Note. Bolded results indicate the best model performance under the same conditions.

As shown in Table 14, WSER models performs better than those of other compared methods in all the rest cases, which further highlights the effectiveness of the proposed method.

Discussion

The results presented in Tables 5 and 7 offer insightful observations regarding model performance across different domains. When the models are constructed directly based on the labeled data in the target domain, the model performance can be limited. After reweighting the source data, notable improvements can be observed on some tasks for models built with the weighted data. The enhancement of model performance on specific tasks suggests that data weighting can help reduce the difference in feature distribution between the source and target domains on these tasks. However, there are still some tasks where the model performance gets worse with the weighted data. This may indicate a large difference in feature distribution between the source and target domains on these tasks, making it difficult to bridge this gap through data weighting alone. In contrast, the proposed method, which employs labeled data from both the source and target domains, demonstrates a clear advantage. Its performance surpasses that of models constructed either solely with the labeled data from the target domain or with the weighted labeled data from both domains. This indicates that the validity of the proposed method in not only extracting shared knowledge from the source domain but also in facilitating a more effective transfer of this knowledge between the two domains. Consequently, the proposed method enhances model performance in the target domain, even in situations where the feature distributions between the source and target domains are markedly distinct, which underscores the robustness of the proposed method in adapting to and overcoming challenges posed by significant differences in feature distribution.

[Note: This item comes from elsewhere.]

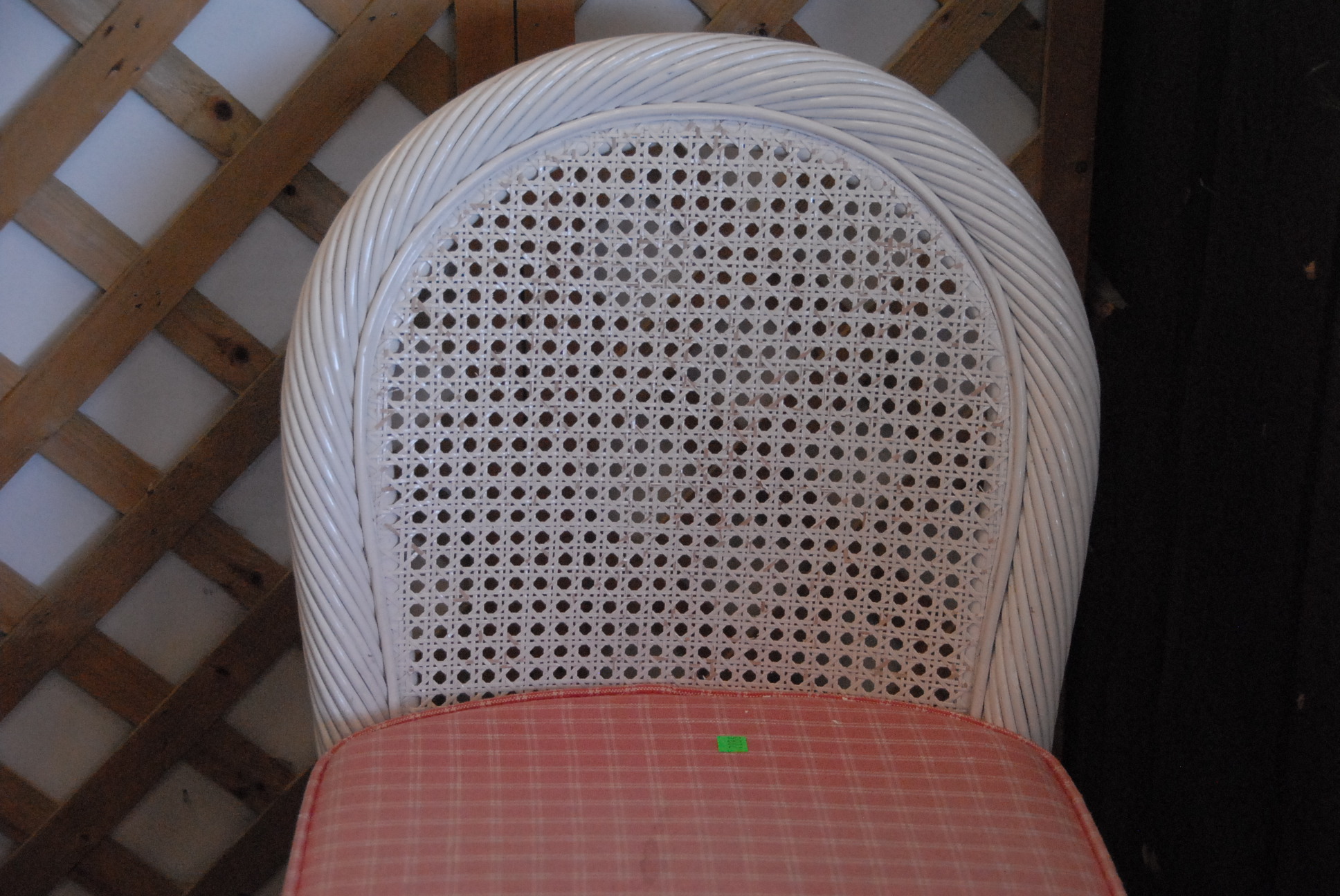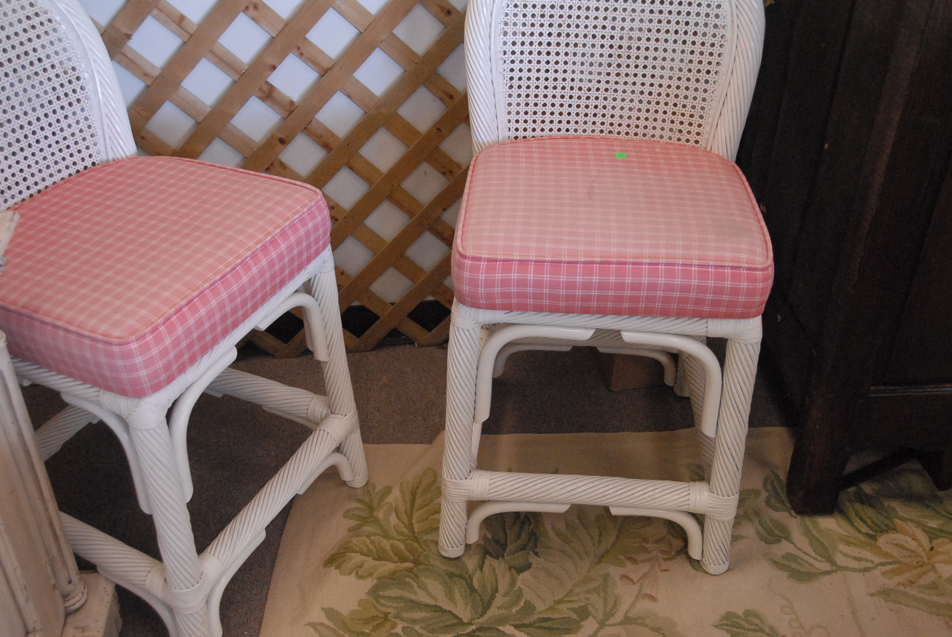 Lot 263: Nine piece Contemporary sun porch set with glass top table, six chairs, and two bar stools, ht. 28 1/2in. dia. 48in.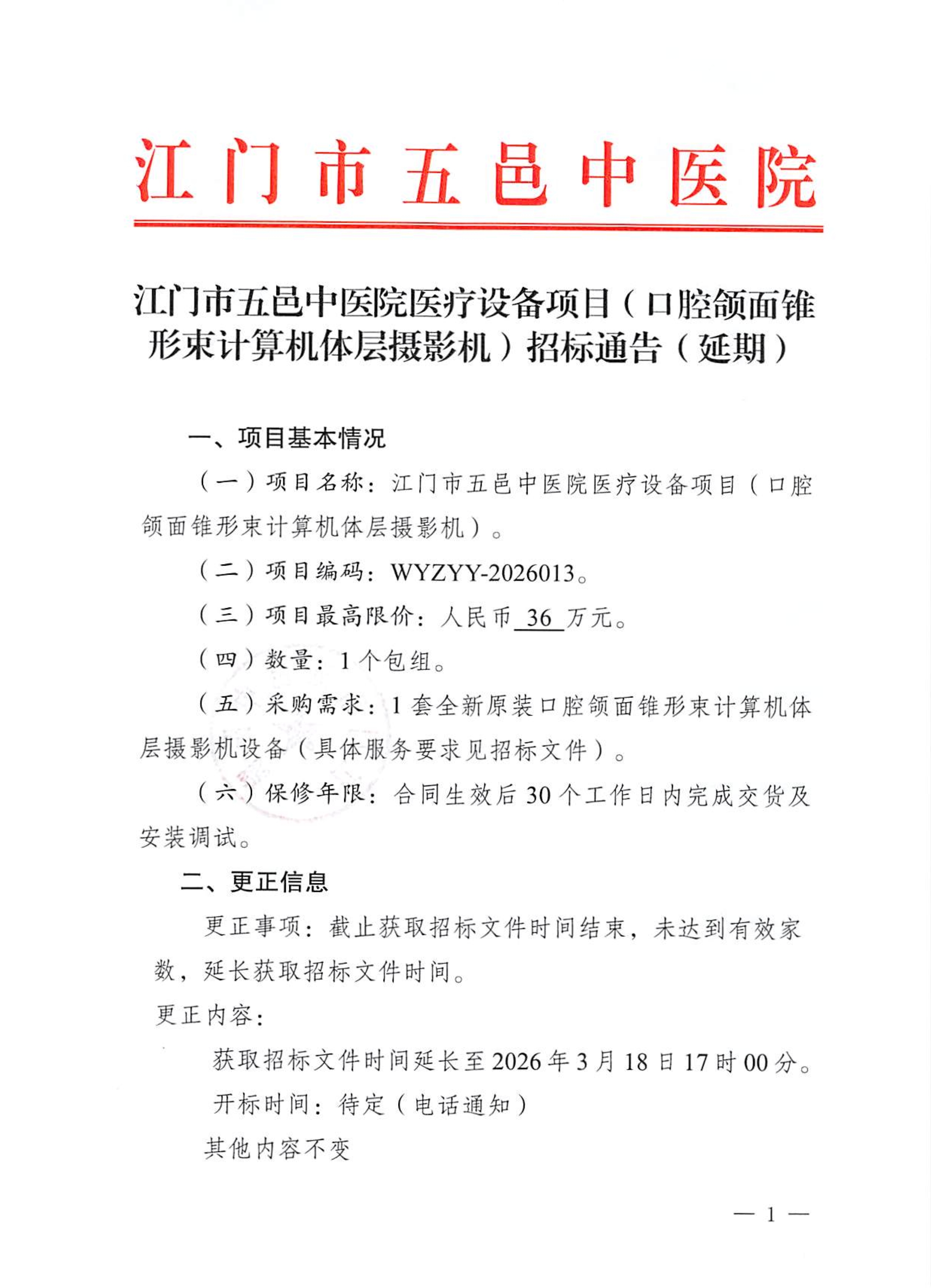 江门市五邑中医院医疗设备项目(口腔颌面锥形束计算机体层摄影机)招标通告(延期)

In addition, the proposed WSER method outperforms the compared methods without transfer learning, indicating that the knowledge from the source domain can be utilized to construct an effective model for the target task. Moreover, according to Tables 13 and 14, the WSER method achieves better performance compared to other transfer-learning-based methods. These results demonstrate the effectiveness of the WSER method in extracting and transferring knowledge for fault diagnosis.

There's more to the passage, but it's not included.